Content starts

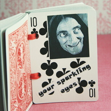 Вам нужна колода карт, желательно с красной рубашкой. Так подарок будет выглядеть «более любовным». Не замахивайтесь на самую большую колоду карт, если чувствуете, что с фантазией будут проблемы. С другой стороны, если вы сможете осилить самую большую, можно с гордостью похвастаться этим фактом перед любимым или любимой. Из журналов вырезайте нужные слова, картинки, подготовьте фотографии. Помимо этого вам понадобится клей, цветные ручки, маркеры, соединительные колечки (купите в магазине или оторвите от большой тетради). Если с колечками случиться дефицит, всегда можно перевязать колоду карт алой лентой, что будет смотреть еще более празднично.
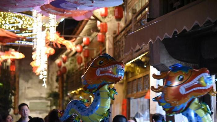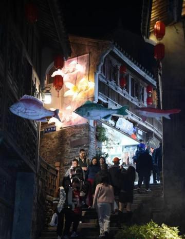 2月13日,农历大年初四,浙江宁波象山县石浦渔港古城张灯结彩,夜色迷人,吸引不少游人前来欣赏海洋特色的鱼灯。
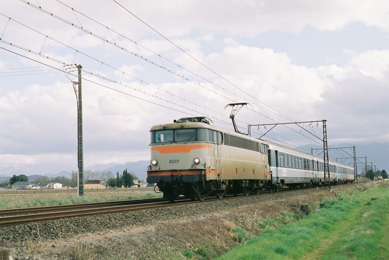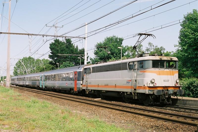 SNCF DC electric (BB-)9337 behind some baggage carts Photo by Sven Manias (sven.manias@gmx.de) |
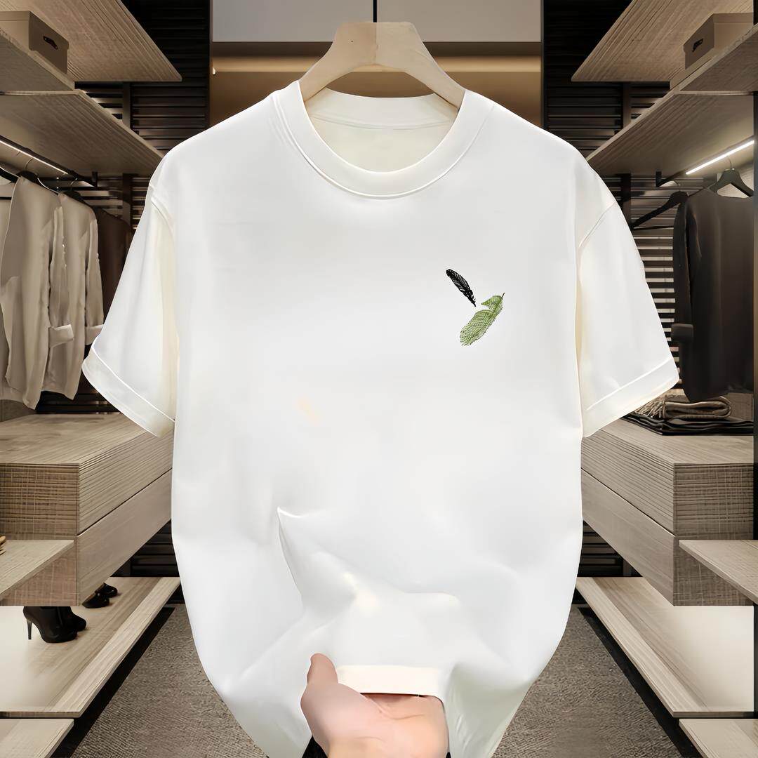 Hong Kong Clg Trendy Brand Simple Short-Sleeved T-Shirt for Men, Summer Thin Loose Casual Printed Half-Sleeve Heavyweight Pure Cotton T-Shirt
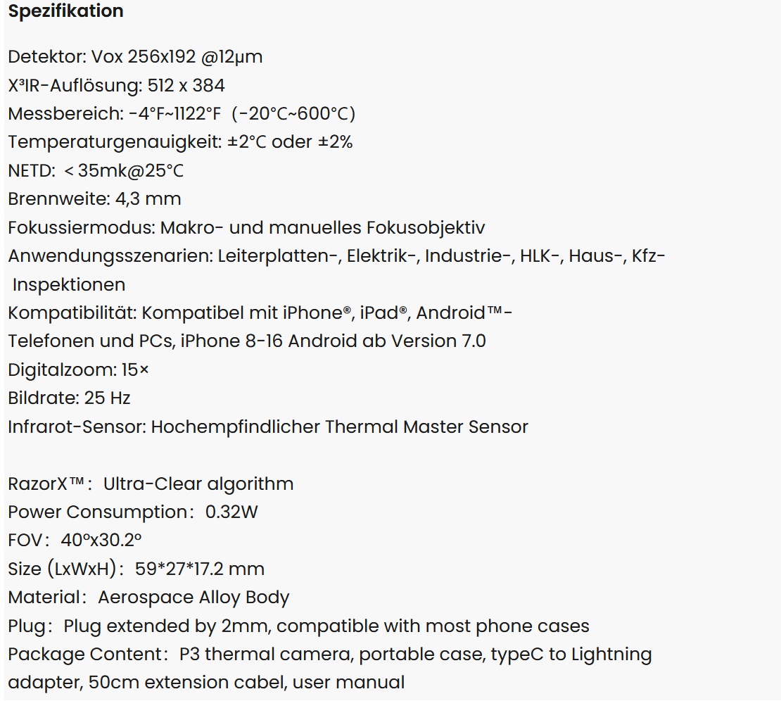 Technische Daten der Thermal Master P3

Content ends

**Your goal**. With all pictures omitted, return the lines from the line containing "SNCF DC electric" through the closing line of the listing above, exactly and inclusive.

**Output**.
 SNCF DC electric (BB-)9337 behind some baggage carts Photo by Sven Manias (sven.manias@gmx.de) |
 Hong Kong Clg Trendy Brand Simple Short-Sleeved T-Shirt for Men, Summer Thin Loose Casual Printed Half-Sleeve Heavyweight Pure Cotton T-Shirt
 Technische Daten der Thermal Master P3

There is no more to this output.